Benifex names Mohamad Awada chief services officer

Benifex names Mohamad Awada chief services officer

Benifex has hired Mohamad Awada to scale customer delivery globally. The appointment comes as employers face growing pressure to prove benefits programmes are being implemented well, adopted by staff, and linked to wider business performance.


The appointment brings in an executive with experience across sales, consulting, product, strategy, and professional services. Awada joins from SAP Emarsys, where he also served as chief services officer and oversaw the development of services through greater automation and more scalable delivery in a highly configurable enterprise CRM environment.

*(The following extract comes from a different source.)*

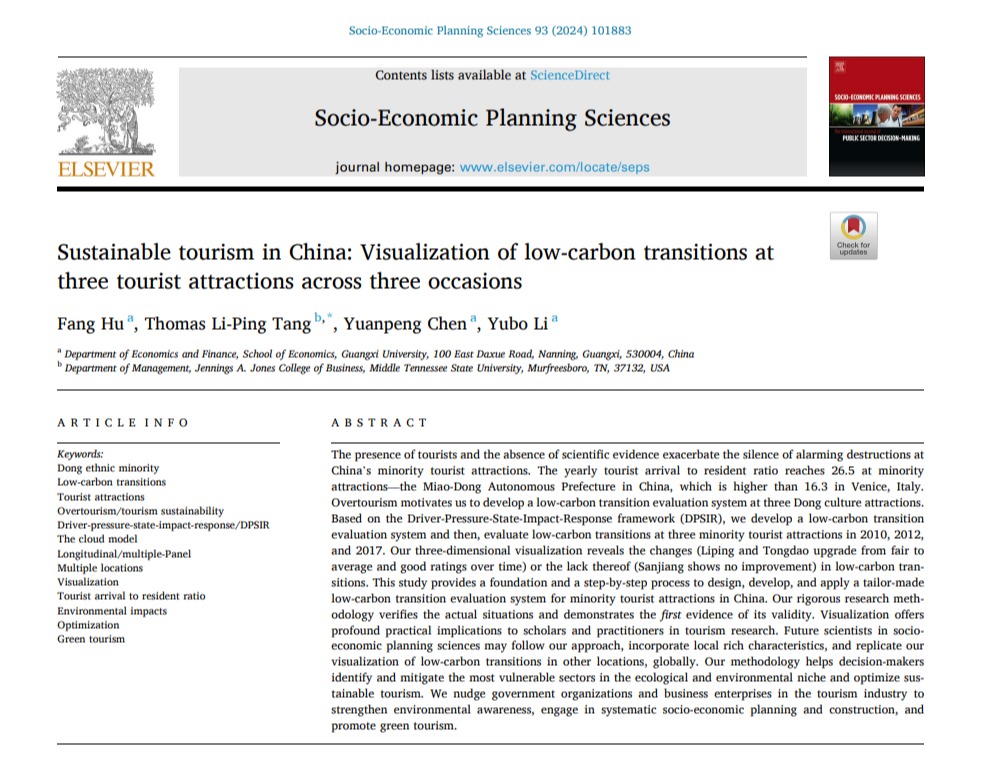 日前,公司胡芳老师作为第一作者与硕士研究生陈渊鹏和李誉博、美国中田纳西州立大学Thomas Li-Ping Tang教授共同完成的学术论文“Sustainable Tourism in China: Visualization of Low-Carbon Transitions at Three Tourist Attractions across Three Occasions”(《中国的可持续旅游:三个旅游景点在三个时期的低碳转型可视化》)在经济学领域国际权威期刊Socio-Economic Planning Sciences在线发表。该研究得到国家自然科学基金委和william威廉英国官网广西发展战略研究院的资助。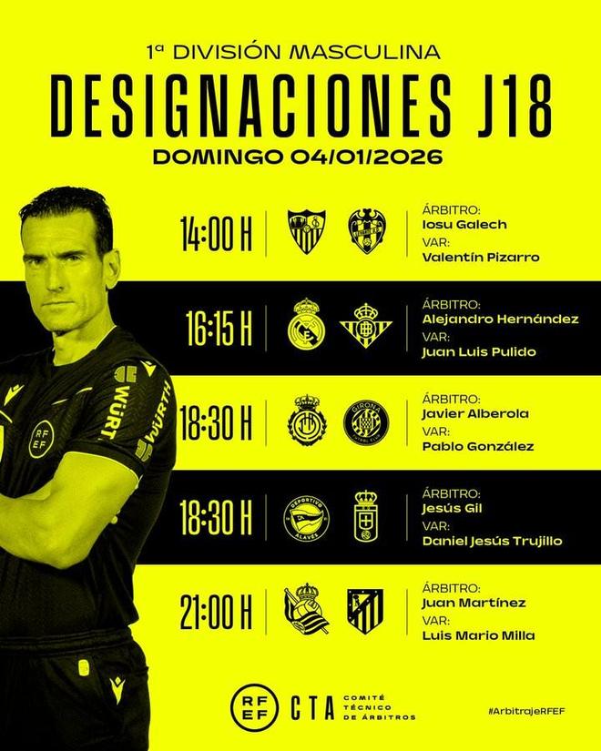 北京时间1月3日,西班牙足协官方公布了联赛第18轮第3比赛日的裁判名单,平方哥埃尔南德斯执法皇马vs贝蒂斯。

The hire lands at a time when employers are under pressure to show that benefits programmes are doing more than simply existing on paper. Benifex cited recent CIPD data showing that 22% of employers have no goals set for their benefits, while only 31% are actively using them to improve productivity or business performance. That leaves a gap between programme design and measurable organisational impact.

For large employers operating across multiple markets, the challenge is increasingly practical rather than conceptual. The issue is not only deciding which benefits to offer, but implementing them consistently across jurisdictions, aligning them with local regulatory requirements, and ensuring employees actually understand and use what is available. In that context, the services layer around a benefits platform becomes more strategic.

Mathieu Stevenson, CEO of Benifex, said: “Employers are under more pressure than ever to show that benefits are doing what they are meant to do – supporting employees in meaningful ways while contributing to wider business goals. That puts far greater strategic importance on the platform experience, from adoption and implementation to ongoing performance and results.

“This role reflects how important that has become for our customers and for Benifex. Mo brings deep experience of building high-performing Services teams in complex technology environments, and he will play a critical role in helping us support customers more effectively as they, and we, continue to grow.”

The company said Awada’s focus will be on scaling its services functions to deliver smoother implementations, stronger uptake, and clearer outcomes for both employers and employees. That suggests a broader shift in how benefits technology providers position themselves: not only as software vendors, but as delivery partners expected to translate platform capability into measurable workforce outcomes.

Awada said: “What makes this opportunity compelling is the chance to help customers bridge the gap between benefits strategy and day-to-day reality. In practice, success is not defined by what an organisation intends to offer, but by how confidently it can execute across markets, how clearly employees understand what is available to them, and how effectively that translates into engagement, productivity, and business results.

“I’m excited to join a business with such a strong platform and customer base, and to focus on helping organisations deliver greater consistency, move faster, and realise more value from their benefits investment.”

As benefits programmes come under closer scrutiny from leadership teams, the quality of implementation is becoming harder to separate from the value of the underlying technology. Benifex’s latest appointment signals that service execution is moving closer to the centre of that commercial proposition.